Acabei por aceder ao repto. Confesso tê-lo feito por curiosidade, apenas “à experiência” e desconfiado de que não iria manter-me por lá por muito tempo. Bem me tramei. Tomei-lhe o gosto e pude dar largas à minha irremediável tendência de (fraternalmente) provocar.
A primeira surpresa foi a de constatar o drama de jovens almas, naquele engano de alma ledo e cego que os primeiros dias de docência não deixam durar muito, aderindo, entusiasticamente, às ideias do Freinet, do Dewey, do Rogers, do Freire, para que não fossem apenas matéria a decorar para os exames, nem fizessem desses egrégios autores múmias dissecadas em dissertações.
Em sucessivas fornadas, concluído o curso, lá foram em busca do projeto do seu sonho. Foram muitos os chamados e escassos os escolhidos. Dos que se perderam em opções fáceis não rezará a história, nem eu. Só lamento o tempo perdido e desejo que, um qualquer dia, venham a encontrar-se.
Ontem, dei-vos a conhecer a mensagem recebida de um aluno que desistiu de ser professor, que optou pela “solução mais simples”. Confesso que essa desistência foi causa de grande perturbação. Ele era um jovem inteligente, generoso, idealista.
Quando a mediocridade se sobrepõe à generosidade, a indignação é coisa pouca. Sempre que me confronto com a amargura da desistência, do insucesso de um ex-aluno, sinto-me o mais miserável dos professores. O insucesso de um jovem e de um professor jovem é algo que me custa a digerir. Tanto mais que me assaltava algum sentimento de culpa. Contribuíra para a tragédia. Não fizera tudo o que devia. Falhara.
Apesar da injeção de paliativos, o sistema ia de mal a pior. E, dado que se continuava a confundir argumentos com especulações, todos ralhavam e ninguém tinha razão. Por esse e por outros bons motivos, vinha defendendo ser inadiável criar condições para que aqueles que buscavam fazer uma escola diferente, mais fraterna, mais digna, a pudessem concretizar. Alguma coisa teria de mudar nas escolas, para que ninguém, por ignorância, preguiça, ou acomodação, ousasse “não querer” e pudesse impedir os que quisessem.
Quantos mais verdadeiros professores teriam de desistir? Quantos mais verdadeiros projetos seriam liquidados com a chegada à escola de um “professor não sensibilizado para o trabalho cooperativo”?
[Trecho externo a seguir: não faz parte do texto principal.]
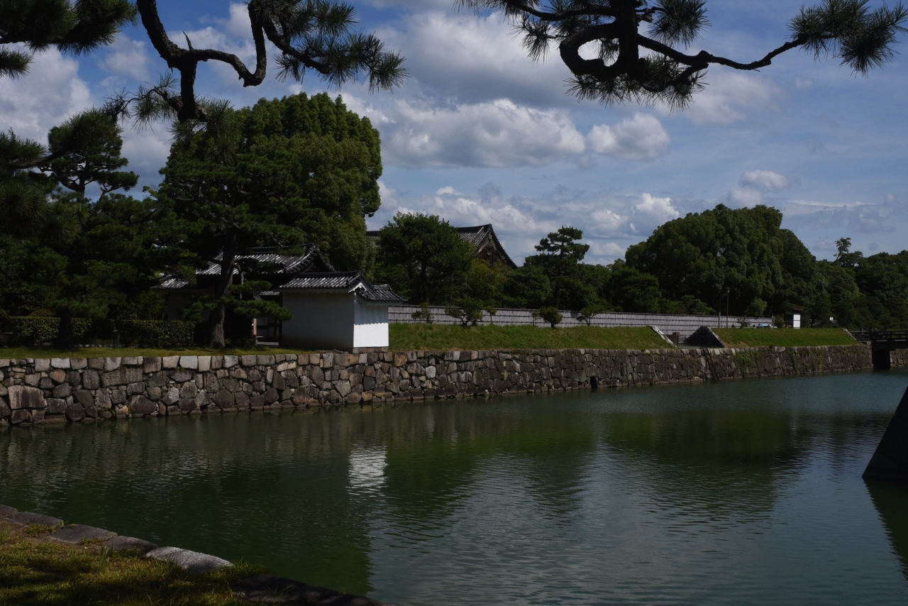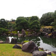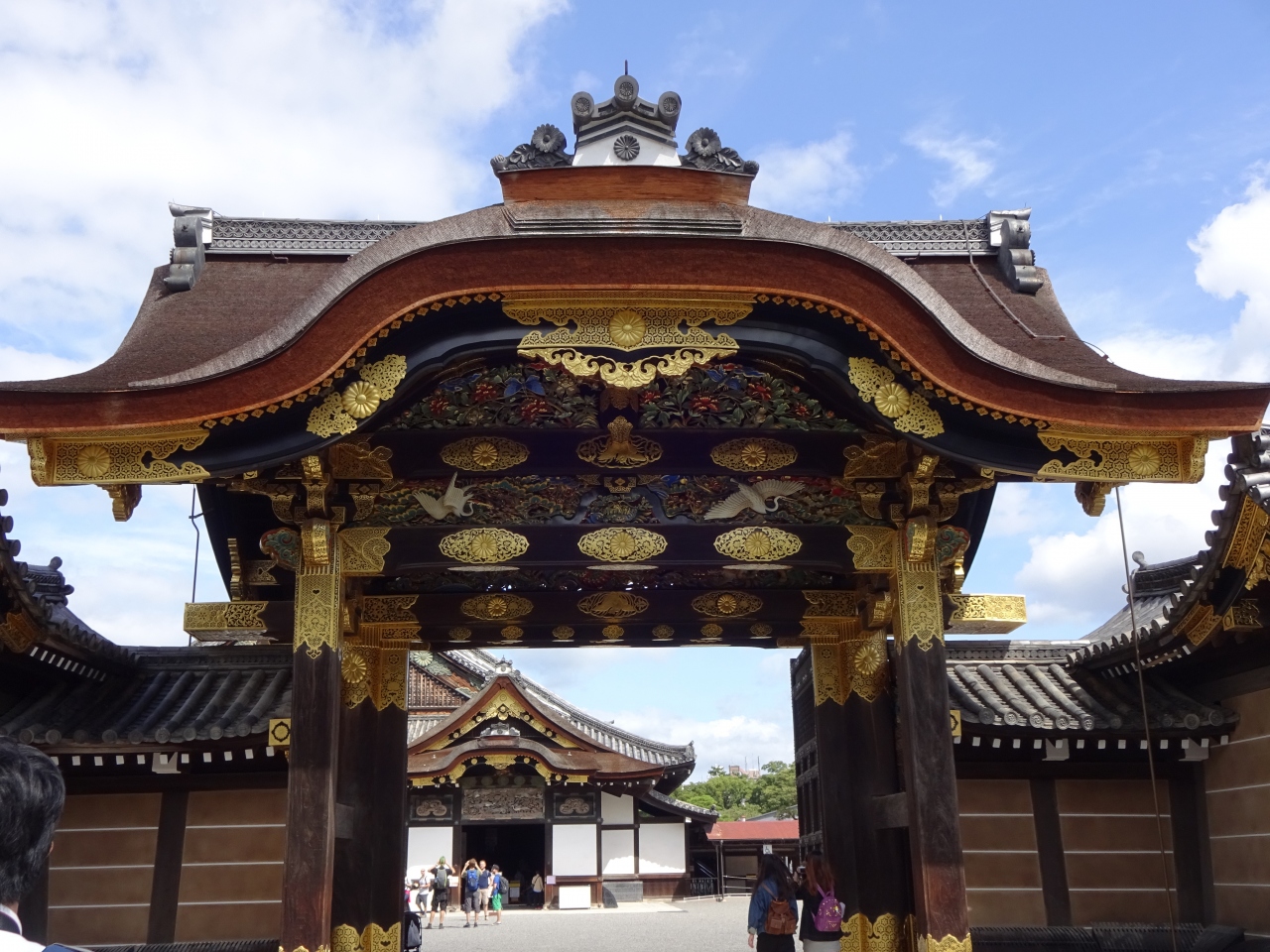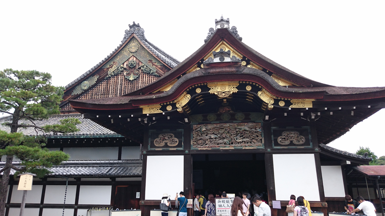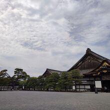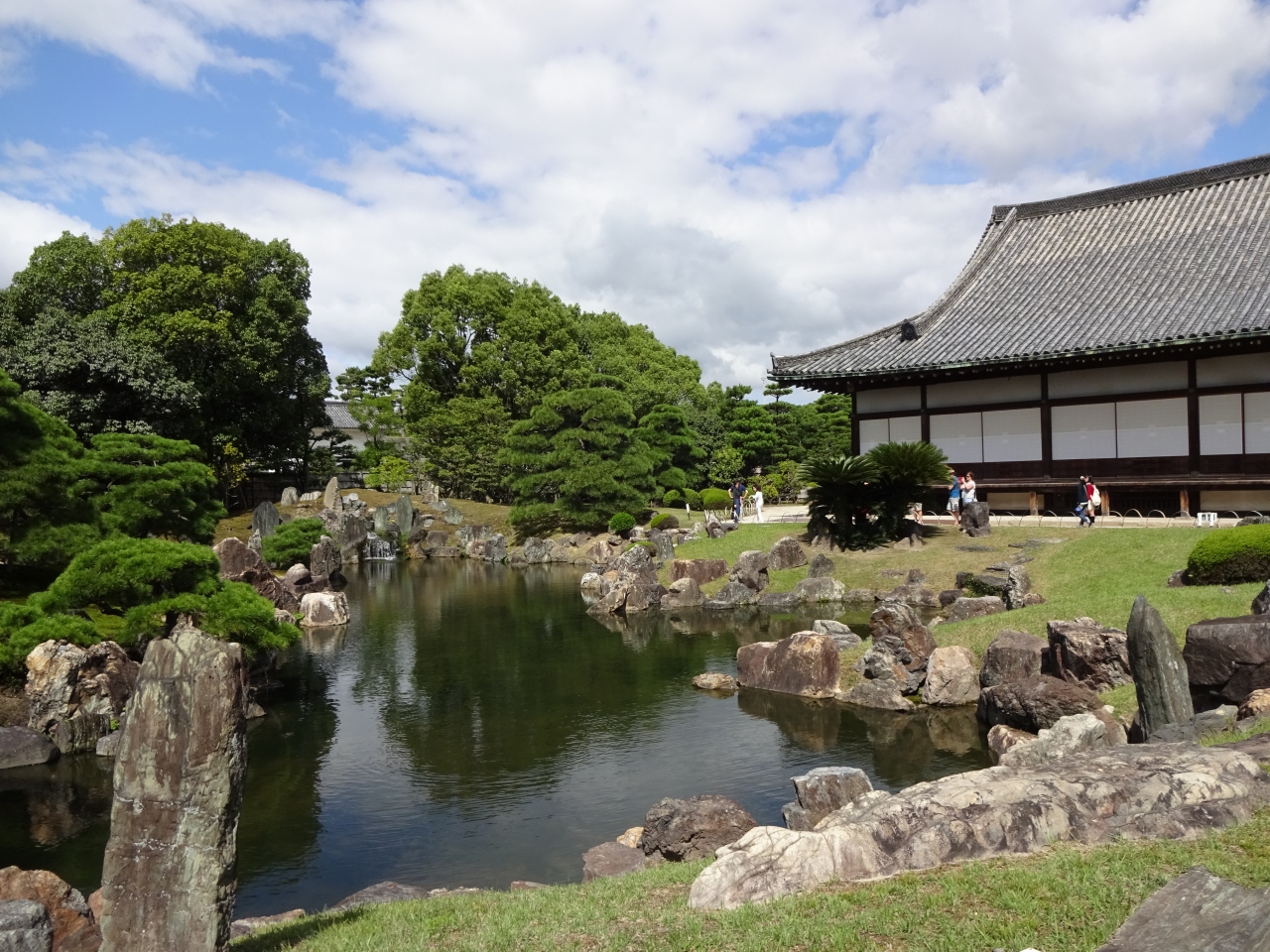 徳川家康が上洛時の宿舎として築城。家康と秀頼の二条城会見、慶喜の大政奉還の発表が行われた。二の丸御殿は、武家風書院造の代表的な建築で、各部屋の襖絵は狩野派の作品。廊下は鶯張りといわれ、各所に施された欄間彫刻、飾金具などの装飾が華麗な桃山文化を伝える。二の丸庭園は豪壮な石組みの書院造庭園。本丸御殿は明治中期に京都御所の旧桂宮御殿を移した公家風の瀟洒な建物で、本丸庭園は、芝庭風築山式庭園になっている。

Os professores envolvidos em projetos (que não fossem apenas de papel) não procuravam a obtenção de privilégios. Bem pelo contrário: para viabilizarem a formação de equipas de projeto, muitos que conheci fizeram opções de vida que acarretaram prejuízos para a sua vida pessoal e profissional. Poderei prová-lo.
Muitos outros, por via de uma legislação obsoleta, viram ser-lhes negado o direito a participar (como diria o saudoso Paulo Freire) nos projetos dos seus sonhos, e já se aposentaram. Viram a burocracia aliar-se aos que “não queriam” e que tinham o “direito de não querer”.
Ao longo de cinco décadas, vi o trabalho de equipas de professores ser destruído, em escassos dias, por outros professores, que, por não estarem atentos à necessidade de reelaboração da sua cultura pessoal e profissional, se mantinham cativos de uma cultura de funcionário público.